| Entries shown |
[Start of Attachment]

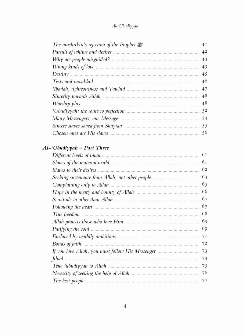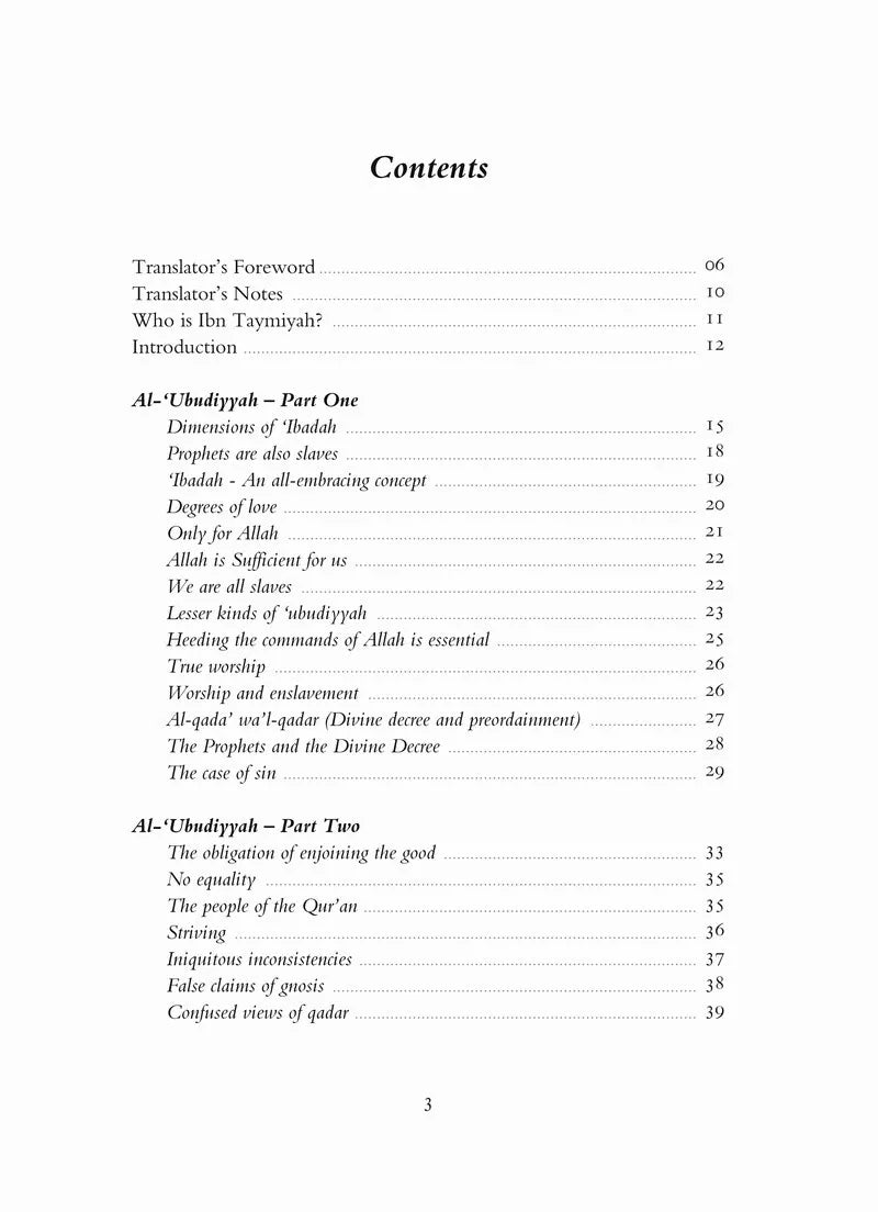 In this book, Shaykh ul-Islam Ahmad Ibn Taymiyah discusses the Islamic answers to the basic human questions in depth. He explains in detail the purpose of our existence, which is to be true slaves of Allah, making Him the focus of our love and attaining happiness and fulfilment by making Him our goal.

[End of Attachment]
[Start of Attachment]

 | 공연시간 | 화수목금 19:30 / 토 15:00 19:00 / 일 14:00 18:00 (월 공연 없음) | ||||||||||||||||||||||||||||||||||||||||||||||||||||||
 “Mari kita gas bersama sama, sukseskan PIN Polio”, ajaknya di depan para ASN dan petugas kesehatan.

[End of Attachment]

| Work task |
All lines above from the one with "공연시간 | 화수목금" to the one with "dan petugas kesehatan.", inclusive, should be copied exactly, and no other lines.

| Solution to this exercise |
 | 공연시간 | 화수목금 19:30 / 토 15:00 19:00 / 일 14:00 18:00 (월 공연 없음) | ||||||||||||||||||||||||||||||||||||||||||||||||||||||
 “Mari kita gas bersama sama, sukseskan PIN Polio”, ajaknya di depan para ASN dan petugas kesehatan.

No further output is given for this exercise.